Book cover for Fright into Flight. A female warrior on a horse amongst the clouds forms the majority of the book cover.

Cargo by Desirina Boskovich (found in: Fright into Flight) – This one was recommended by Emily.  It was one of her 5* rated stories from the collection. 


From the earliest depictions of winged goddesses to the delicate, paperwinged fairies of the Victorians, from valiant Valkyries to cliff-dwelling harpies, from record-setting pilots to fearless astronauts, women have long since claimed their place in the skies, among the clouds and beyond.

Word Horde presents Fright Into Flight, the debut anthology from Amber Fallon (The Terminal, The Warblers), in which women take wing. In these stories connected by the unifying thread of flight, authors including Damien Angelica Walters, Christine Morgan, and Nadia Bulkin have spread their wings and created terrifying visions of real life angels, mystical journeys, and the demons that lurk inside us all. Whether you like your horror quiet and chilling or more in-your-face and terrifying, there’s something here for every horror fan to enjoy.

You’re in for a bumpy ride… So fasten your seatbelt, take note of the emergency exits, hold on to your airsick bag, and remember that this book may be used as a flotation device in the event of a crash landing.

Fright Into Flight – edited by Amber Fallon
Book cover for A Collection of Nightmares. An artist's rendering of a woman's face as she stars up into the sky from her position mostly submerged in water forms the cover.

A Collection of Nightmares by Christina Sng – This one was contributed by Emily as well.  It’s a poetry book filled with pieces that belong in various genres, but apparently there’s some good sci-fi horror in there too. Honestly, the way she talks about it makes me want to read it, and I’m not much for poetry. So, we’ll see!


Hold your screams and enter a world of seasonal creatures, dreams of bones, and confessions modeled from open eyes and endless insomnia. Christina Sng’s A Collection of Nightmares is a poetic feast of sleeplessness and shadows, an exquisite exhibition of fear and things better left unsaid. Here are ramblings at the end of the world and a path that leads to a thousand paper cuts at the hands of a skin carver.

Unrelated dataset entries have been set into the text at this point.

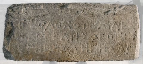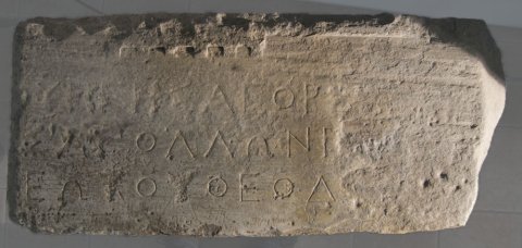 Ἱππολόχου παῖδες [τ]οῦ Ἡγησαγόρε[ω] / Ξενοκλῆς Θεόξεν[ο]ς Ἀπόλλωνι [Ἰητρῶι] / ἐπὶ ἱέρεω Ἡγησαγ[όρ]εω τοῦ Θεοδ[ότου].
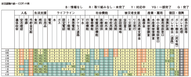 危機が発生すれば、それまでとは別の新しい現実が生まれます。しかし、それがどのような姿をしているかは、発災当初においては誰にも認識されていませんし、その姿が災害対応にあたる関係者の間で統一認識されていなければ、適切な対応がとれません。関係者が連携しながら適切な対応活動をしていくためには状況認識を統一させる必要があります。それをコモン・オペレーショナル・ピクチャー(COP:Common Operational Picture=状況認識統一)※1と呼びます。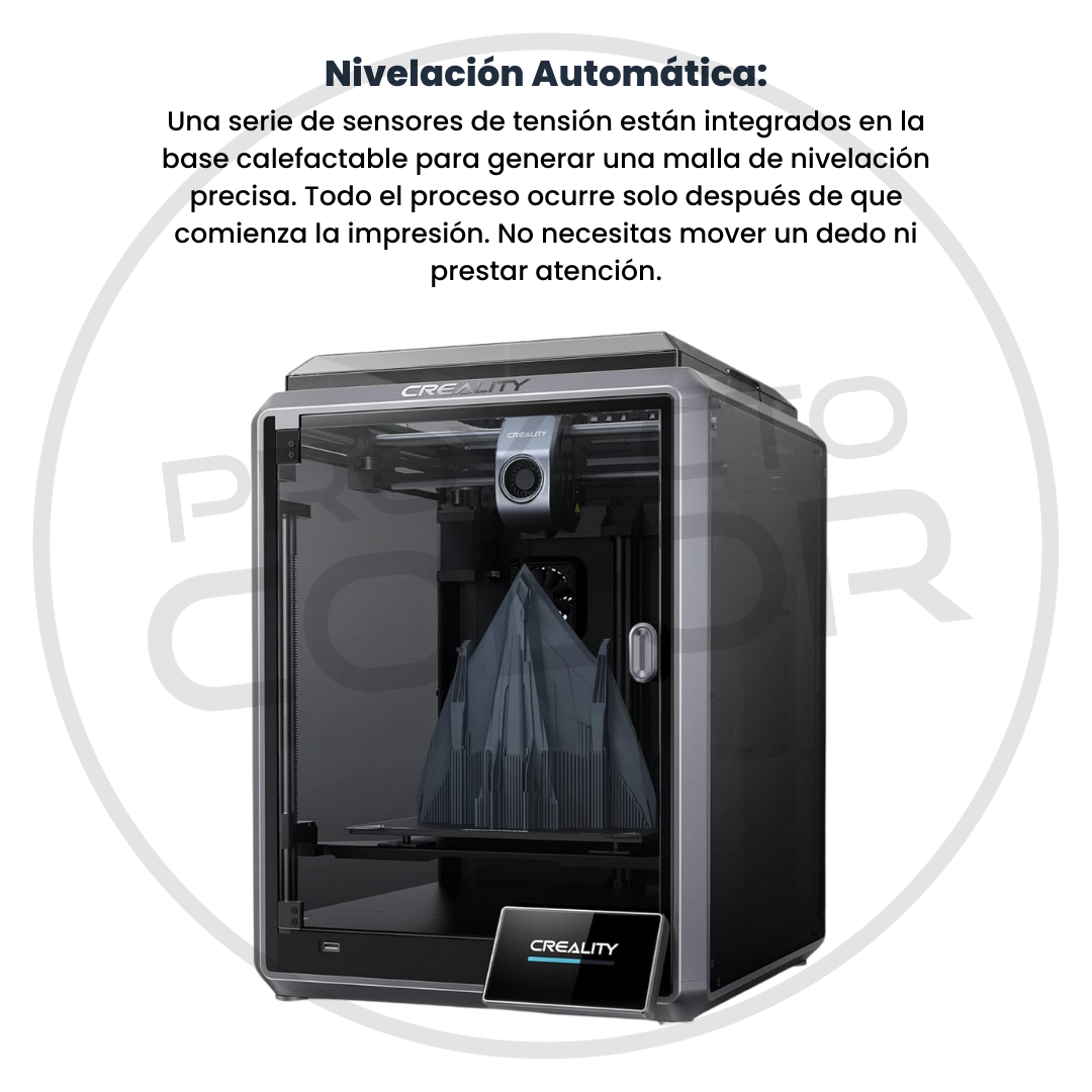 Nivelación Automática: Una serie de sensores de tensión están integrados en la base calefactable para generar una malla de nivelación precisa. Todo el proceso ocurre solo después de que comienza la impresión. No necesitas mover un dedo ni prestar atención.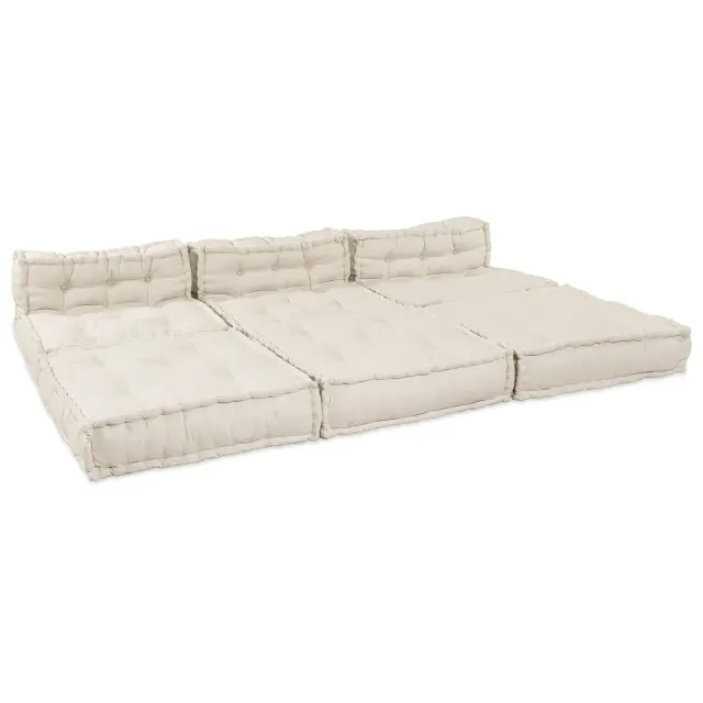 vidaXL 4-sedežni modularni pouf kavč, zložljiv, krema tkanina

There are crawlspace whispers, and fresh sheets gently washed with sacrifice and poison, and if you’re careful in this ghost month, these poems will call upon the succubus to tend to your flesh wounds and scars.

These nightmares are sweeping fantasies that electrocute the senses as much as they dull the ache of loneliness by showing you what’s hiding under your bed, in the back of your closet, and inside your head. Sng’s poems dissect and flower, her autopsies are delicate blooms dressed with blood and syntax. Her words are charcoal and cotton, safe yet dressed in an executioner’s garb.

Dream carefully.
You’ve already made your bed.
The nightmares you have now will not be kind.
And you have no one to blame but yourself.